Las fiestas son una especie de
habitáculo sagrado en el seno del tiempo, el equivalente del templo o del
monumento en la dimensión espacial, un refugio –o una turbulencia– en que el
ser humano dramatiza el sentido último de su existencia como ser social, las
condiciones que la hacen posible, aunque sea a la vez que en cierto modo la niegan.

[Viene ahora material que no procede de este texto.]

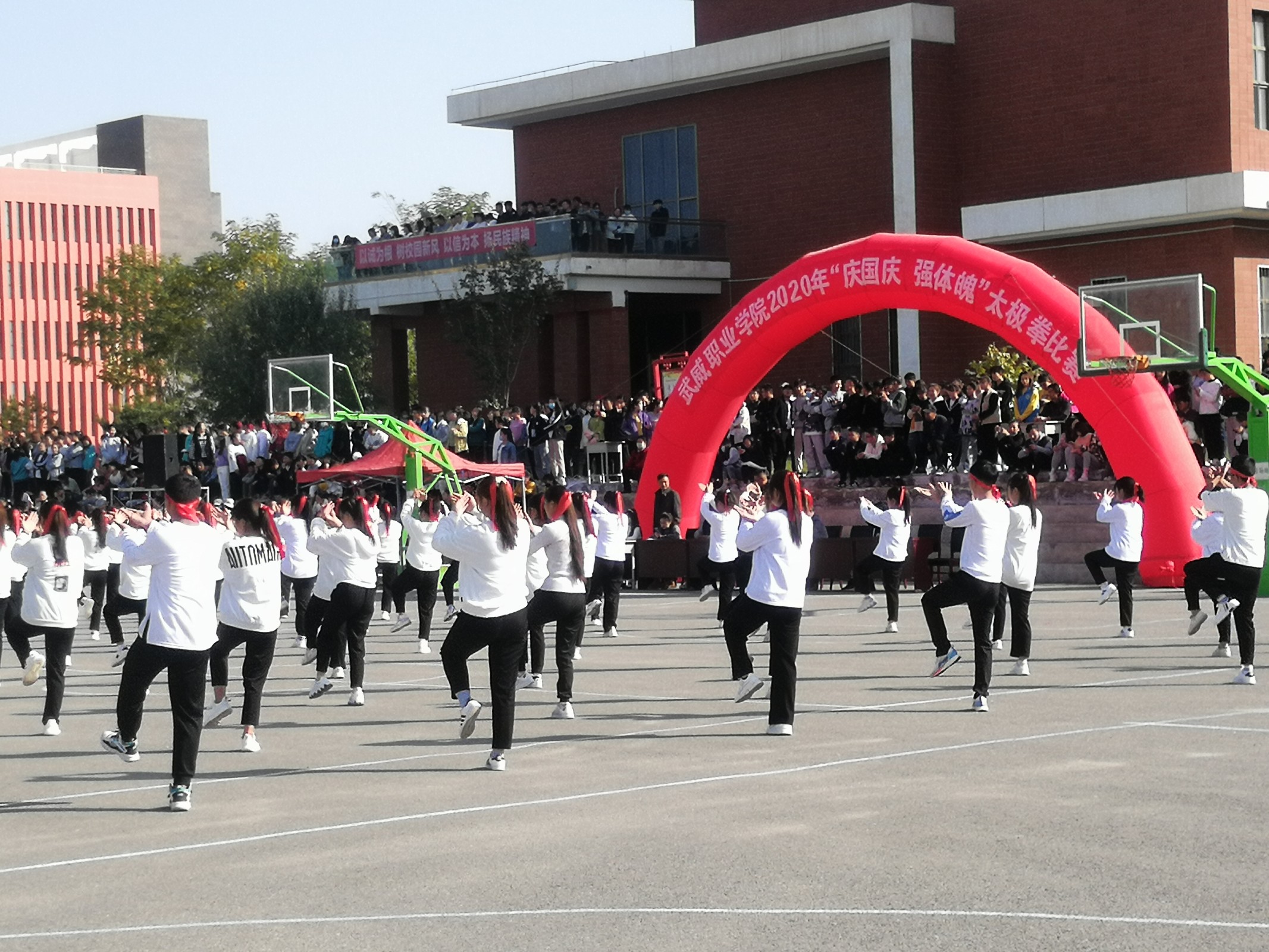 為慶祝中華人民共和國成立71周年,認(rèn)真貫徹習(xí)近平總書記關(guān)于“健康中國2030”規(guī)劃綱要重要指示,積極創(chuàng)建全國文明城市,倡導(dǎo)“陽關(guān)體育運動”,進一步推進我系師生積極健身,增強師生體質(zhì)健康,豐富和活躍校園體育文化生活,展示我系師生積極向上的嶄新精神風(fēng)貌,我系于10月12日在大學(xué)生活動中心北操場參加太極拳比賽活動。

Eso implica que la fiesta implica
una manipulación del tiempo que lo anula, en el sentido de que lo convierte en
reversible, lo ahueca, lo agujerea, lo suspende. La fiesta, como el intervalo
musical o como la propia partitura, es lo que permite percibir la duración y
ocupan sin duda un tiempo, pero, en cambio, no nos equivocaríamos si dijéramos
que no tiene duración, implica una puesta en suspenso del mismo devenir del que
son la exaltación misma. La fiesta implica algo así como un tiempo muerto –en el
sentido que se emplea esa expresión en el lenguaje deportivo– cuya toma en
consideración haría de la fiesta una concreción, a nivel colectivo, del papel
de los "instantes sin duración" que Bachelard oponía a la duración
bergsoniana como instrumentos de una "discontinuización" del tiempo y
que eran síntesis no medibles de ser, núcleos de acción, memoria de energía,
momentos complejos capaces de reunir heterogéneas simultaneidades.